▶ _WHAT NEEDS TO BE DONE_
Please reproduce the data exactly and omit the pictures.

[[ EXERCISE DATA, beginning ]]

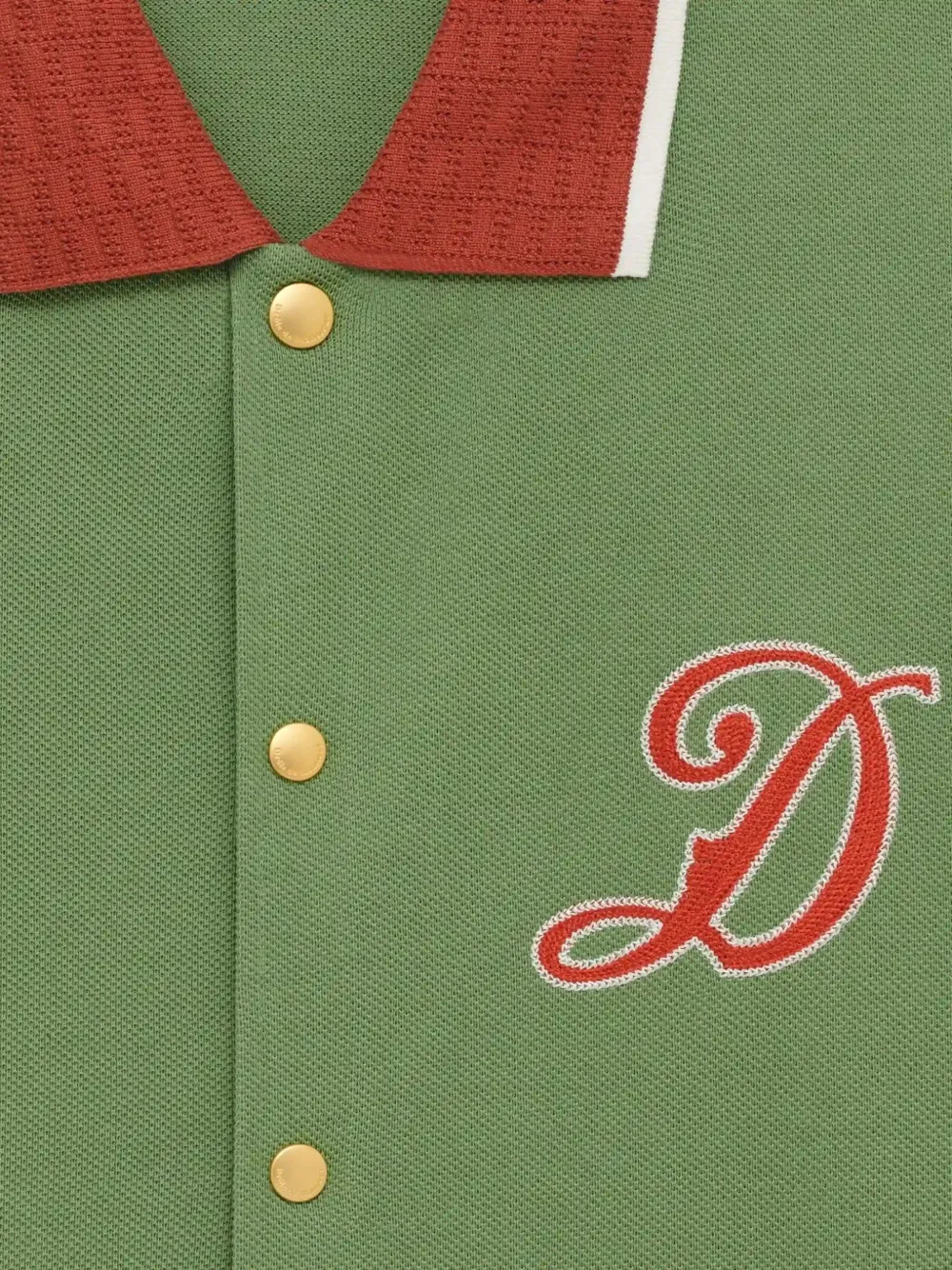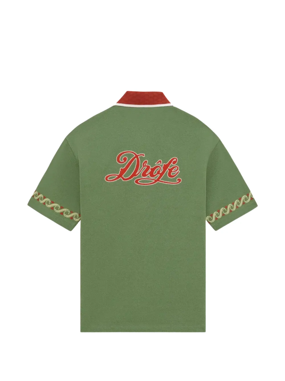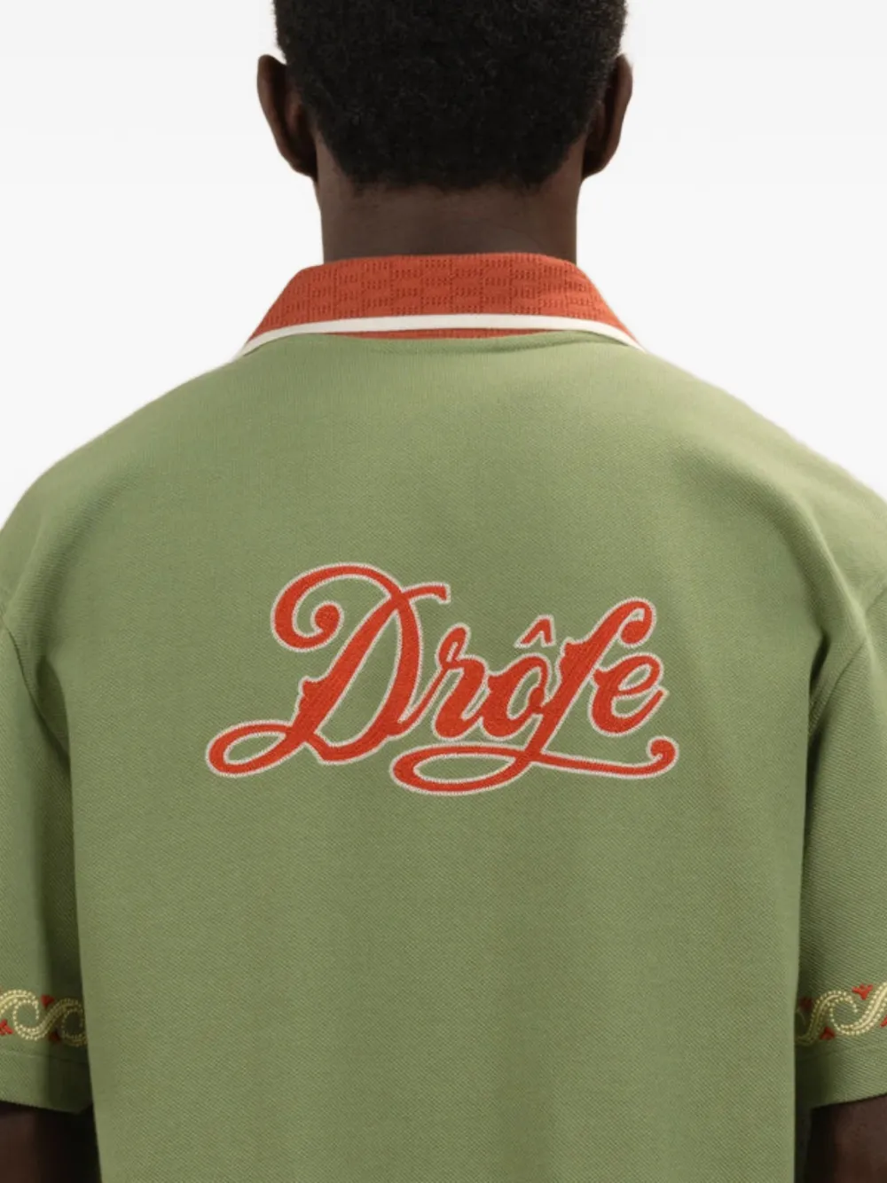Tricou Drole De Monsieur Logo-Embroidered verde, realizat din bumbac, cu guler tricotat, inchidere cu capse aurii gravate, maneci scurte decorate cu broderie Vagues, tesatura pique, broderie „D” Cuba pe piept si broderie Drole Cuba pe spate. Potrivit pentru sezonul primavara/vara. 100% bumbac.
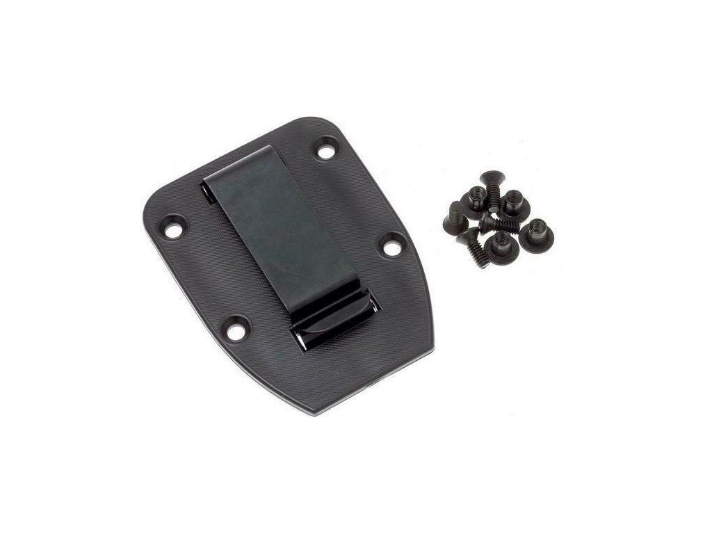 Lisovaná spona ESEE CLIP-PLATE 3/4 Clip Plate na puzdro modelov 3 a 4, vhodná na nosenie na ľavej alebo pravej strane. Obsahuje plastovú montážnu dosku, sponu z pružinovej ocele a všetok montážny materiál.
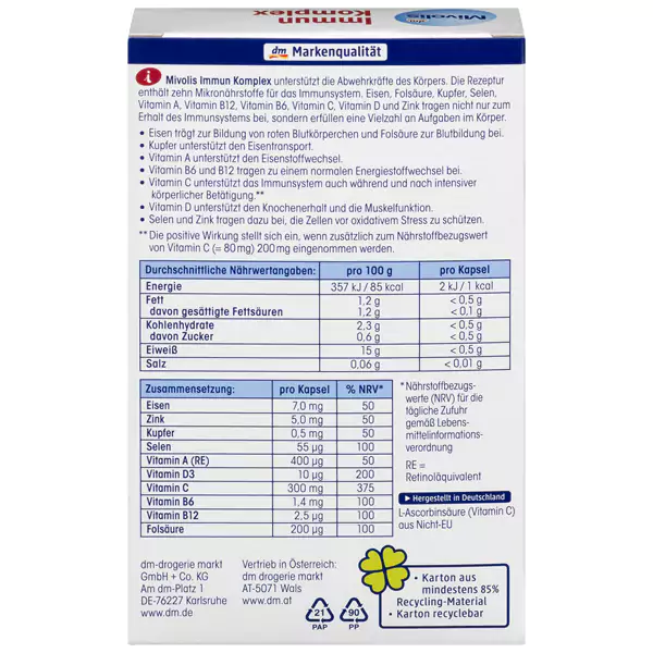 یکی از موارد و نکات بسیار مورد توجه برای خانم ها و آقایان تقویت بنیه دفاعی بدن در برابر امراض مختلف است و به این جهت در تهیه و خرید انواع شربت،قرص جوشان ،ساشه و قرص و موارد تزریقی در این باره اهمیت بالا می دهند.اکنون می توان تنوع بالایی از این گونه محصولات در برند میوولیس آلمان مشاهده نمود که از ترکیبات بسیار غنی و مختلف ویتامین بهره می برند و در نوع مختلف عرضه می شوند.قرص تقویت سیستم دفاعی و ایمنی بدن immun komplex میوولیس حاوی آهن، اسید فولیک، مس، سلنیوم، ویتامین A، ویتامین B12، ویتامین B6، ویتامین C، ویتامین D و روی می باشد که هریک به نوعی از ویتامین های ضروری و مورد نیاز بدن می باشد.حاوی 32 عدد کپسول است و تقریبا برای یک ماه می تواند مورد استفاده قرار بگیرد و البته دوره سه ماهه برای آن می تواند بسیار تاثیر گذار باشد و یا در زمان و فصل خاص می توانید مورد استفاده قرار دهید.برای مثال در فصل زمستان برای بهبود شرایط بدن و تقویت بسیاری از خانم ها محصول را در دوره سه ماهه مورد استفاده قرار می دهند.
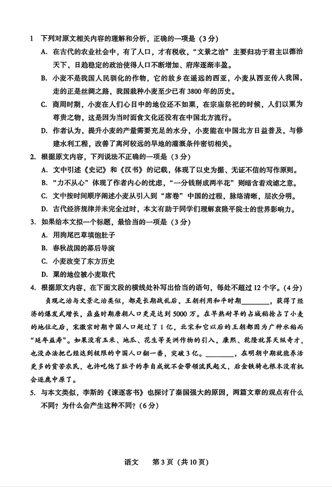 2026上海松江区高三二模语文试卷+答案!

[[ EXERCISE DATA, end ]]

▶ _EXERCISE SOLUTION_
Tricou Drole De Monsieur Logo-Embroidered verde, realizat din bumbac, cu guler tricotat, inchidere cu capse aurii gravate, maneci scurte decorate cu broderie Vagues, tesatura pique, broderie „D” Cuba pe piept si broderie Drole Cuba pe spate. Potrivit pentru sezonul primavara/vara. 100% bumbac.
 Lisovaná spona ESEE CLIP-PLATE 3/4 Clip Plate na puzdro modelov 3 a 4, vhodná na nosenie na ľavej alebo pravej strane. Obsahuje plastovú montážnu dosku, sponu z pružinovej ocele a všetok montážny materiál.
 یکی از موارد و نکات بسیار مورد توجه برای خانم ها و آقایان تقویت بنیه دفاعی بدن در برابر امراض مختلف است و به این جهت در تهیه و خرید انواع شربت،قرص جوشان ،ساشه و قرص و موارد تزریقی در این باره اهمیت بالا می دهند.اکنون می توان تنوع بالایی از این گونه محصولات در برند میوولیس آلمان مشاهده نمود که از ترکیبات بسیار غنی و مختلف ویتامین بهره می برند و در نوع مختلف عرضه می شوند.قرص تقویت سیستم دفاعی و ایمنی بدن immun komplex میوولیس حاوی آهن، اسید فولیک، مس، سلنیوم، ویتامین A، ویتامین B12، ویتامین B6، ویتامین C، ویتامین D و روی می باشد که هریک به نوعی از ویتامین های ضروری و مورد نیاز بدن می باشد.حاوی 32 عدد کپسول است و تقریبا برای یک ماه می تواند مورد استفاده قرار بگیرد و البته دوره سه ماهه برای آن می تواند بسیار تاثیر گذار باشد و یا در زمان و فصل خاص می توانید مورد استفاده قرار دهید.برای مثال در فصل زمستان برای بهبود شرایط بدن و تقویت بسیاری از خانم ها محصول را در دوره سه ماهه مورد استفاده قرار می دهند.
 2026上海松江区高三二模语文试卷+答案!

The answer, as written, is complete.